Paula Deen: A Scarlett O’Hara, corporate-style

By now, millions of people have heard about the so-called “down-to-earth” white Southern chef, Paula Deen, who was cited in a recent lawsuit for using the racist N-word against Black people who worked in her restaurants.

The lawsuit was filed last November in the U.S. District Court for the Southern District of Georgia by Lisa T. Jackson, a white woman who worked for Deen in a management position from 2005 until 2010. Jackson characterized her experience of working with Deen and her brother, Earl “Bubba” Hiers, in two Savannah, Ga., restaurants as one rife with “violent, sexist and racist behavior.” (, June 19)

Jackson’s lawsuit stated that in one of the restaurants, Black workers were required to use separate bathrooms and entrances from white workers. When Jackson asked Deen’s opinion on what workers should wear to Hiers’ nuptials in 2007, Deen responded, “Well, what I would really like is a bunch of little n——ers to wear long-sleeve white shirts, black shorts and black bow ties, you know in the Shirley Temple days, they used to tap dance around. Now that would be a true Southern wedding, wouldn’t it? But we can’t do that because the media would be on me about that.”

Jackson also accused Hiers of forcing her to watch pornography with him, making inappropriate sexual comments and physically assaulting Black workers.

According to Robert Patillo, an attorney for the Rainbow/PUSH coalition, both current and former Black employees said that Deen “preferred white and light-skinned blacks to work with customers” and that “darker-skinned blacks were relegated to ‘back-of-the-house operations.’” (BlackVoices, Huffington Post, June 29)

Subsequently, a number of Black chefs have accused Deen of getting superrich from Southern-based cooking. They have spoken out against the general racism and sexism they have faced within the U.S. cuisine industry. They ask a justified question about why Deen has been exalted as the most recognizable face of Southern cooking instead of them.

In a June 26 New York Times article, “A culinary birthright in dispute,” Therese Nelson, a Black New York chef and caterer, is quoted as saying of Deen: “She did not invent the hush puppy. By being Southern, of course, she has a right to represent. But there comes a point where reverence or respect for the heritage has to show. There is a glass ceiling for black chefs, an assumption that you will not get to own your own restaurant.
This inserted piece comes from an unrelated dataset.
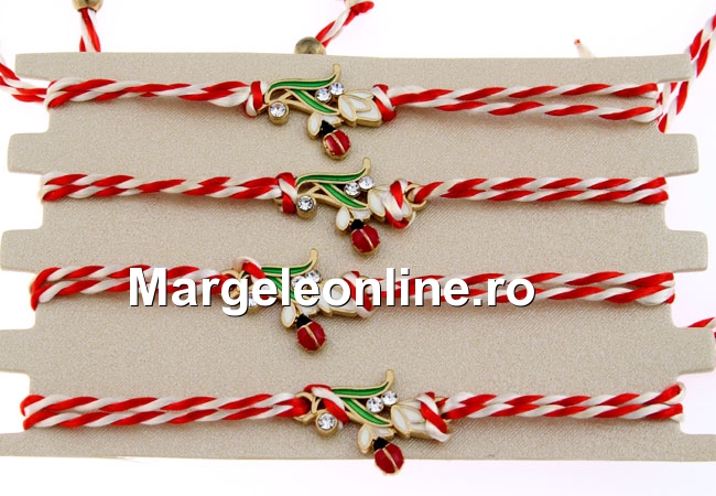 Bratara martisor, ghiocel cu buburuza , 21x14mm - x4
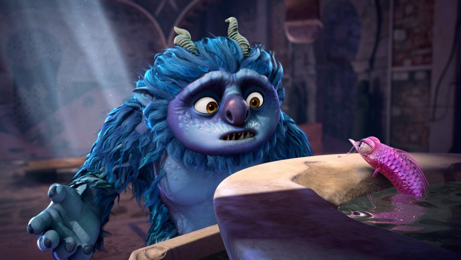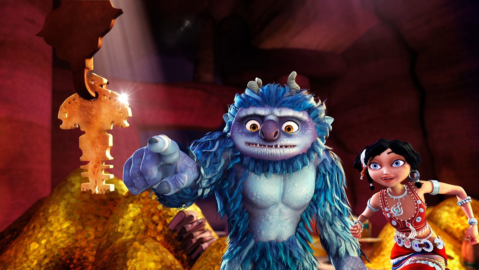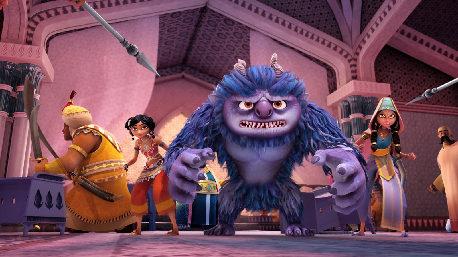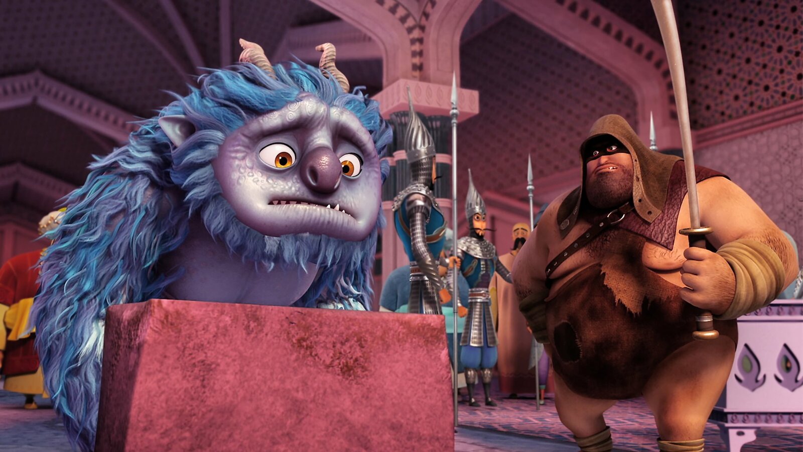 Der große DschinnSherazade und Karim lernen den Herrscher der Insel kennen – Dämon Akatash. ÂBild: © rbb/Hahn Film AG/Chocolate Liberation Front Pty Ltd/Toonz Entertainment Pte Ltd

As a black woman and a pastry chef, it’s clear to everyone I’m not threatening and also that I’m never going to be the executive chef.”
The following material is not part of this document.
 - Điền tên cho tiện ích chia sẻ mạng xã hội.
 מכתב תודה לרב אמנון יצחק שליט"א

The same article reported that a Twitter message told Deen: “You got rich off the recipes of the slave women your grandfather owned.” Deen has publicly stated, ad nauseam, that her great-grandfather was so depressed he committed suicide after losing his 30 slaves. They had won their emancipation.

As a result of this lawsuit, corporations that helped create Deen’s $60 million empire — such as Smithfield Hams, Walmart, Target, Home Depot and Caesar’s Entertainment — have dropped their endorsements of her like a hot potato, now that she has been exposed. The Food Network will not renew her contract.

No one should believe for one second that any of these corporations, which are guilty of anti-union, low-wage practices and dissing Black chefs, were ignorant of Deen’s overt racist views. Deen is a modern-day Scarlett O’Hara right out of the pro-slavery book and movie, “Gone with the Wind.”

Corporate America still promotes and makes profits from racist views here and worldwide.